#### [EXERCISE AIM]
Although the records contain pictures, repeat only the text of every line exactly.

===== INFORMATION SHOWN =====

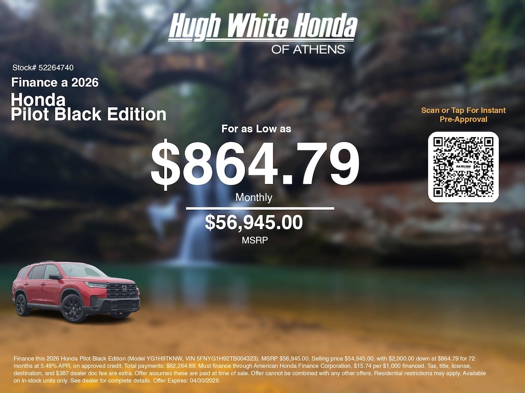Disclaimer: Finance this 2026 Honda Pilot Black Edition (Model YG1H9TKNW, VIN 5FNYG1H92TB004323). MSRP $56,945.00. Selling price $54,945.00, with $2,000.00 down at $864.79 for 72 months at 5.49% APR, on approved credit. Total payments: $62,264.88. Must finance through American Honda Finance Corporation. $15.74 per $1,000 financed. Tax, title, license, destination, and $387 dealer doc fee are extra. Offer assumes these are paid at time of sale. Offer cannot be combined with any other offers. Residential restrictions may apply. Available on in-stock units only. See dealer for complete details. Offer Expires: 04/30/2026.
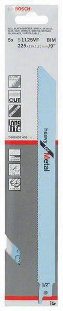 Säbelsägeblatt S 1125 VF Heavy for Metal. Werkstoff: BIM. Zahnausführung: Varioverzahnt. Einsatzbereiche: Für mittelstarke bis starke Bleche (von 2 bis 10 mm Stärke) · für dünnwandige und dickwandige Rohre und Profile (kleiner als 175 mm Stärke). Ideal für Abbrucharbeiten in Metall. Müheloser · feiner Schnitt. Inhalt der Verkaufsverpackung: 5 Stück.
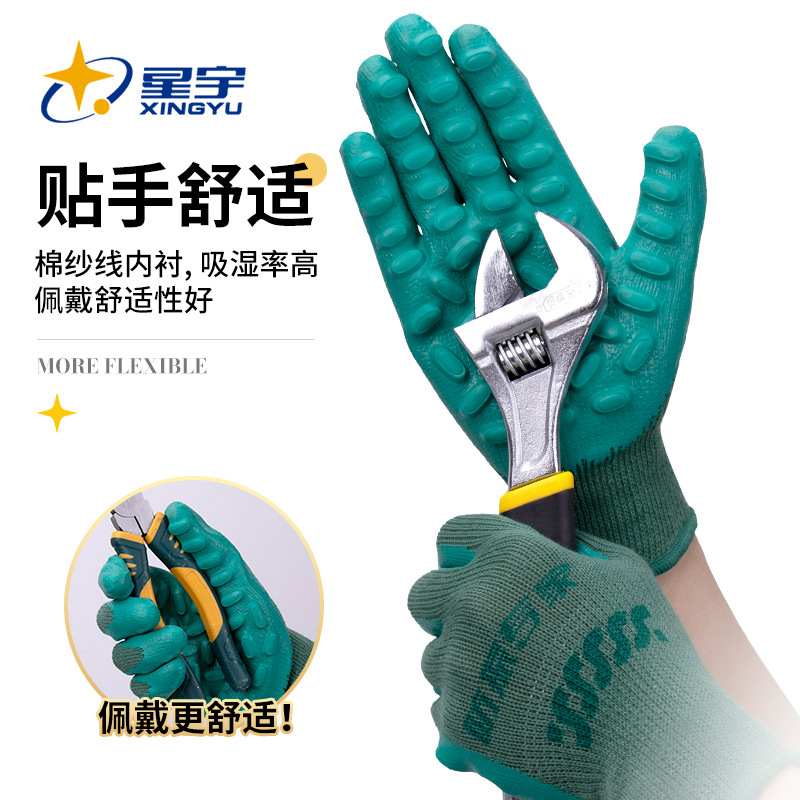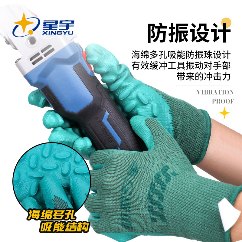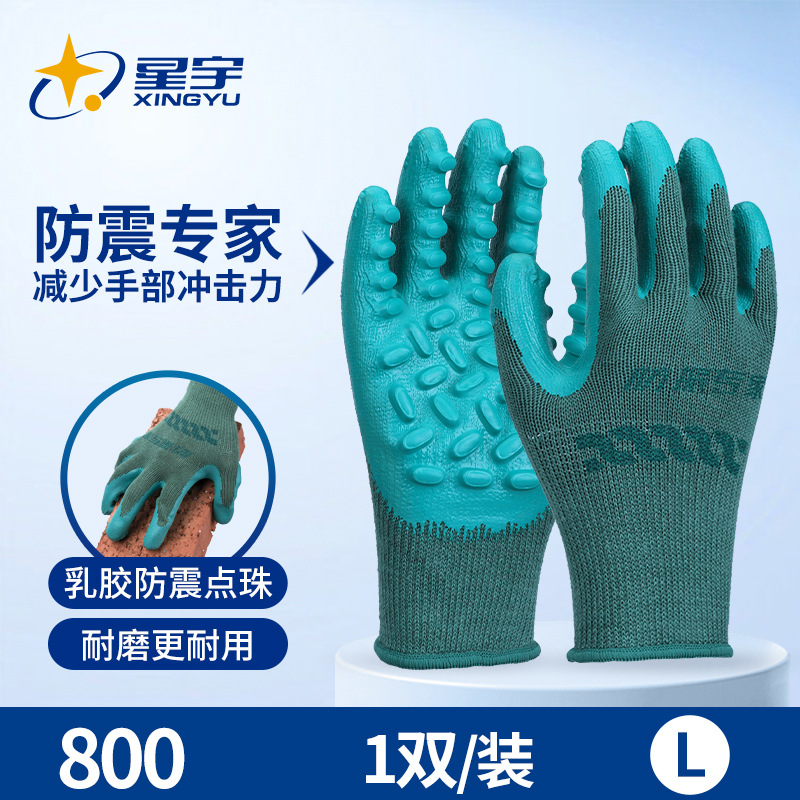 星宇劳保手套乳胶涂层#800防震专家手套防滑耐磨透气工作防护手套
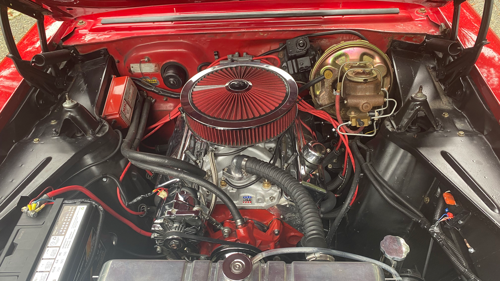 The 383cid stroker V8 under the hood has been upgraded with MSD ignition, an aluminum radiator, dish pistons, a performance camshaft, Edelbrock heads, and Flowtech headers. The seller estimates that this gives the engine over 320 horsepower. Recent maintenance includes an oil change and the replacement of the water pump gaskets.
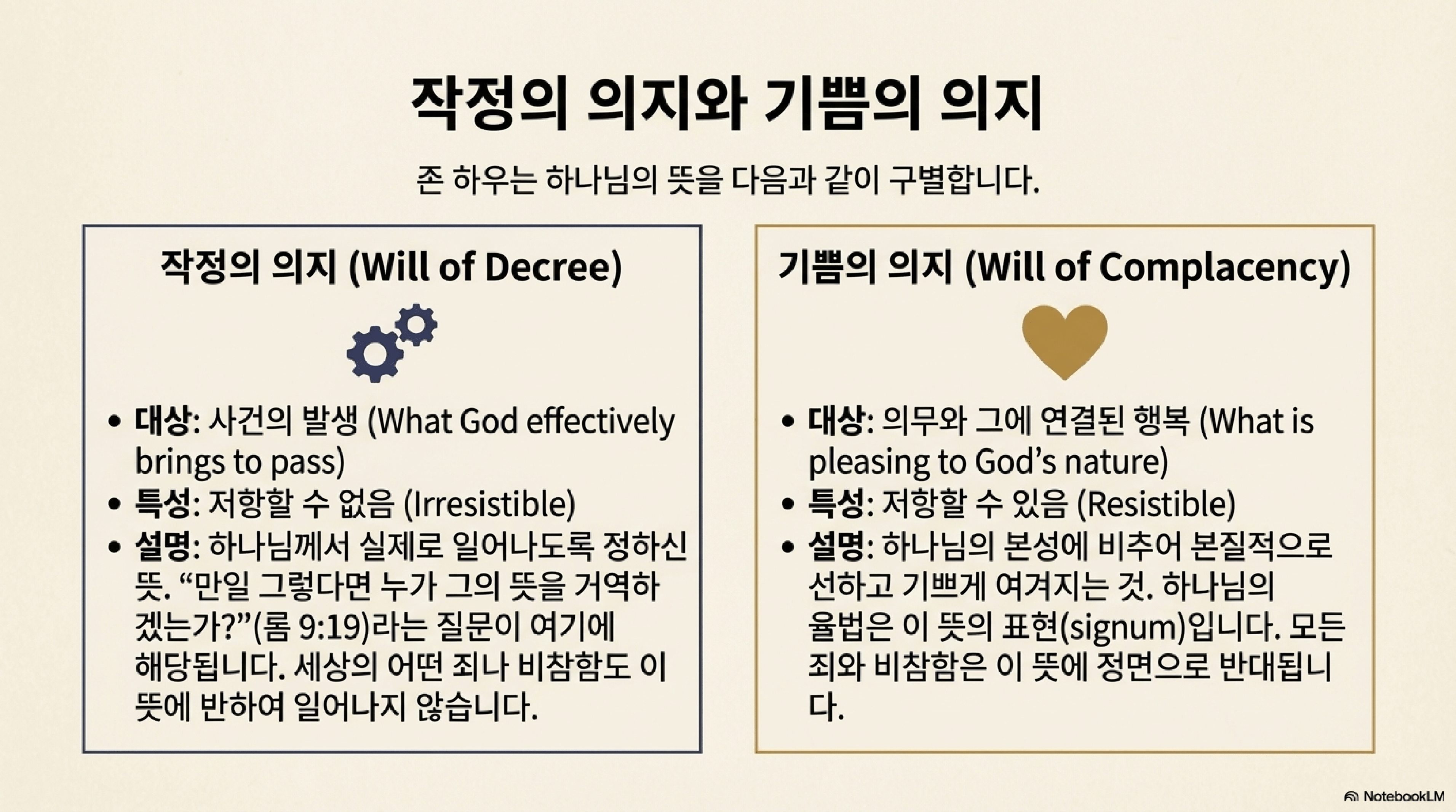 하우는 하나님의 의지를 두 가지로 명확히 구분한다.
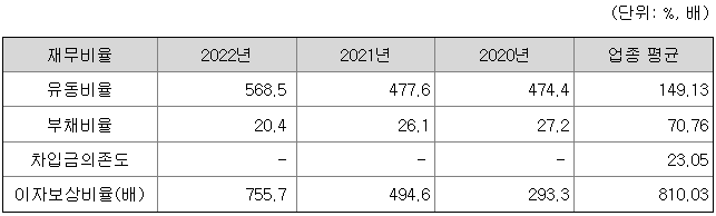 동사는 재무 안전성 측면에서도 동업종 평균 대비 높은 유동비율과 낮은 부채비율을 보이고 있습니다.
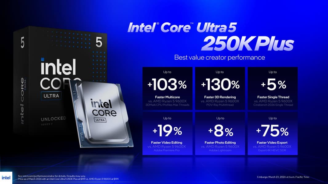 Младшая модель Core Ultra 5 250K Plus за 200 долларов сопоставима по производительности с Ryzen 5 9600X, который тоже стоит 200 долларов. По игровым тестам производительность этих двух CPU практически одинакова, но есть разница в приложениях. Intel заявляет, что в сравнении с Ryzen 5 9600X новый Core Ultra 5 250K Plus на 103% быстрее в многопотоке, на 130% быстрее в 3D-рендеринге, на 19% быстрее в видеомонтаже, на 8% быстрее в обработке фото и на 75% быстрее при экспорте видео.
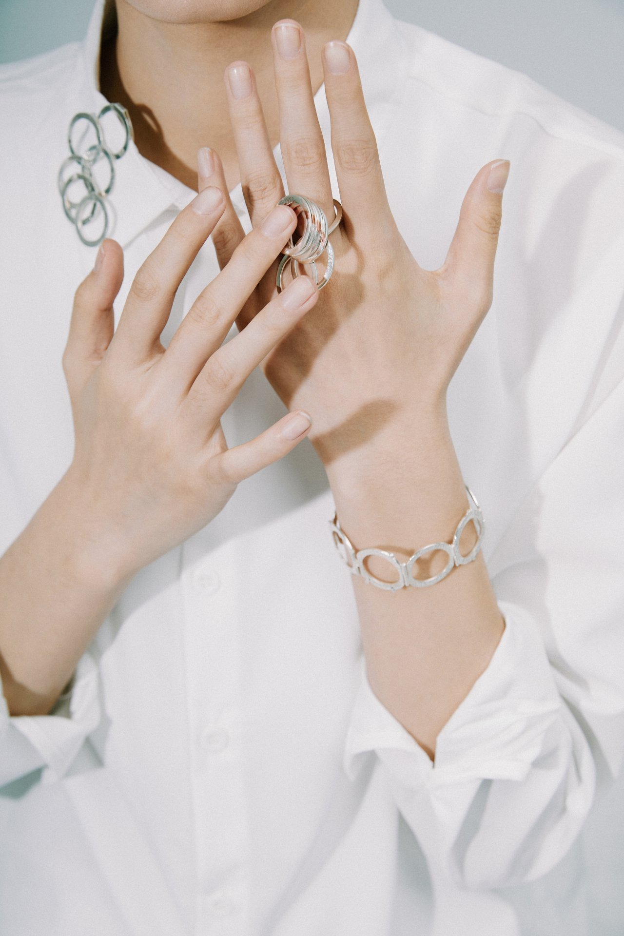 另外我的《圓》探索了珠寶的基本元素——“圓”的可能性,并將它衍變出不同的佩戴方式。我通過重復(fù)、疊加、排列或組合多個基本元素,試圖打破常規(guī)的珠寶形式,。
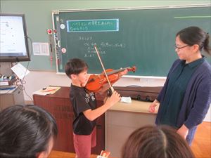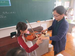 授業の後半では、子どもたちはバイオリンの音色を十分味わいながら聴いていました。授業のねらい達成ですね!
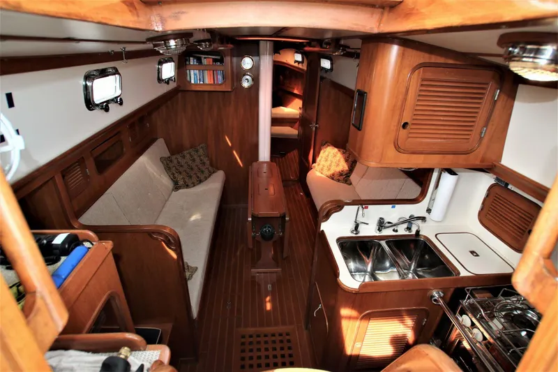 The main cabin features two cushioned settees, one to port and one to starboard. On centerline is a fiddled teak drop-leaf dining table that seats four. The dining table has an illuminated Ritchie B80 Series compass mounted on its aft facing leg. Each settee has two lockers with louvered doors separated by a fiddled open locker above the backrest cushion, as well as three additional storage lockers behind the backrest cushions. The cushions have zippered, removeable Sunbrella slipcovers with new foam in 2019. A small locker with a louvered door is located just above the cabin sole, in the starboard settee bulkhead
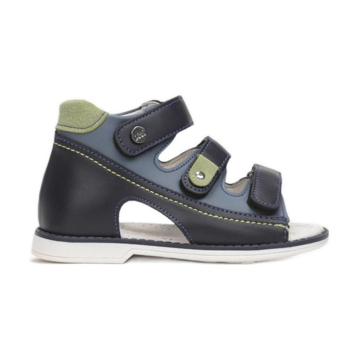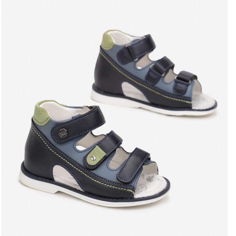 An der Vorderseite befinden sich drei mit Klettverschluss befestigte Riemen, die das Anziehen und Anpassen der Schuhe an den Kinderfuß erleichtern. Ziernähte verleihen den Sandalen einen einzigartigen Charakter und die offene, runde Spitze lässt die Beine an warmen Tagen atmen.
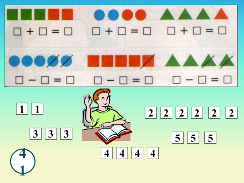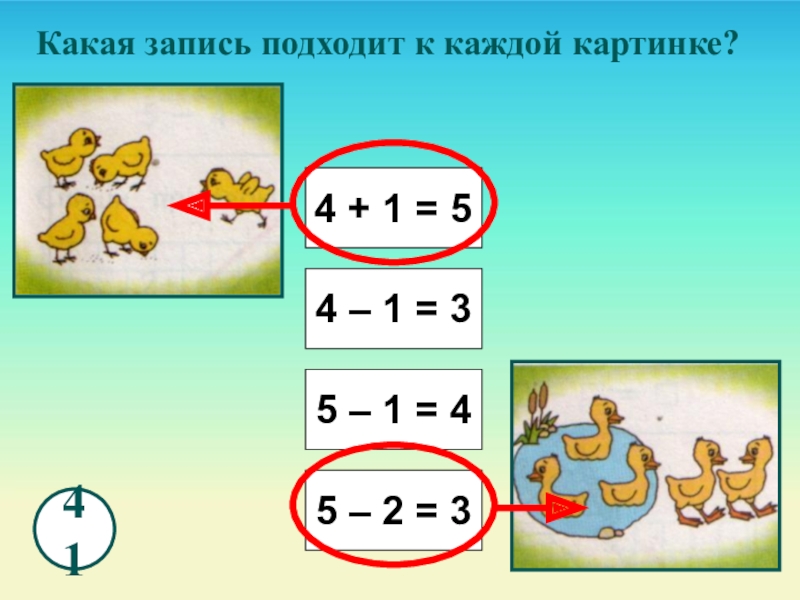 41Какая запись подходит к каждой картинке?4 + 1 = 54 – 1 = 35 – 1 =

=====

#### [ANSWER TO THIS TASK]
Disclaimer: Finance this 2026 Honda Pilot Black Edition (Model YG1H9TKNW, VIN 5FNYG1H92TB004323). MSRP $56,945.00. Selling price $54,945.00, with $2,000.00 down at $864.79 for 72 months at 5.49% APR, on approved credit. Total payments: $62,264.88. Must finance through American Honda Finance Corporation. $15.74 per $1,000 financed. Tax, title, license, destination, and $387 dealer doc fee are extra. Offer assumes these are paid at time of sale. Offer cannot be combined with any other offers. Residential restrictions may apply. Available on in-stock units only. See dealer for complete details. Offer Expires: 04/30/2026.
 Säbelsägeblatt S 1125 VF Heavy for Metal. Werkstoff: BIM. Zahnausführung: Varioverzahnt. Einsatzbereiche: Für mittelstarke bis starke Bleche (von 2 bis 10 mm Stärke) · für dünnwandige und dickwandige Rohre und Profile (kleiner als 175 mm Stärke). Ideal für Abbrucharbeiten in Metall. Müheloser · feiner Schnitt. Inhalt der Verkaufsverpackung: 5 Stück.
 星宇劳保手套乳胶涂层#800防震专家手套防滑耐磨透气工作防护手套
 The 383cid stroker V8 under the hood has been upgraded with MSD ignition, an aluminum radiator, dish pistons, a performance camshaft, Edelbrock heads, and Flowtech headers. The seller estimates that this gives the engine over 320 horsepower. Recent maintenance includes an oil change and the replacement of the water pump gaskets.
 하우는 하나님의 의지를 두 가지로 명확히 구분한다.
 동사는 재무 안전성 측면에서도 동업종 평균 대비 높은 유동비율과 낮은 부채비율을 보이고 있습니다.
 Младшая модель Core Ultra 5 250K Plus за 200 долларов сопоставима по производительности с Ryzen 5 9600X, который тоже стоит 200 долларов. По игровым тестам производительность этих двух CPU практически одинакова, но есть разница в приложениях. Intel заявляет, что в сравнении с Ryzen 5 9600X новый Core Ultra 5 250K Plus на 103% быстрее в многопотоке, на 130% быстрее в 3D-рендеринге, на 19% быстрее в видеомонтаже, на 8% быстрее в обработке фото и на 75% быстрее при экспорте видео.
 另外我的《圓》探索了珠寶的基本元素——“圓”的可能性,并將它衍變出不同的佩戴方式。我通過重復(fù)、疊加、排列或組合多個基本元素,試圖打破常規(guī)的珠寶形式,。
 授業の後半では、子どもたちはバイオリンの音色を十分味わいながら聴いていました。授業のねらい達成ですね!
 The main cabin features two cushioned settees, one to port and one to starboard. On centerline is a fiddled teak drop-leaf dining table that seats four. The dining table has an illuminated Ritchie B80 Series compass mounted on its aft facing leg. Each settee has two lockers with louvered doors separated by a fiddled open locker above the backrest cushion, as well as three additional storage lockers behind the backrest cushions. The cushions have zippered, removeable Sunbrella slipcovers with new foam in 2019. A small locker with a louvered door is located just above the cabin sole, in the starboard settee bulkhead
 An der Vorderseite befinden sich drei mit Klettverschluss befestigte Riemen, die das Anziehen und Anpassen der Schuhe an den Kinderfuß erleichtern. Ziernähte verleihen den Sandalen einen einzigartigen Charakter und die offene, runde Spitze lässt die Beine an warmen Tagen atmen.
 41Какая запись подходит к каждой картинке?4 + 1 = 54 – 1 = 35 – 1 =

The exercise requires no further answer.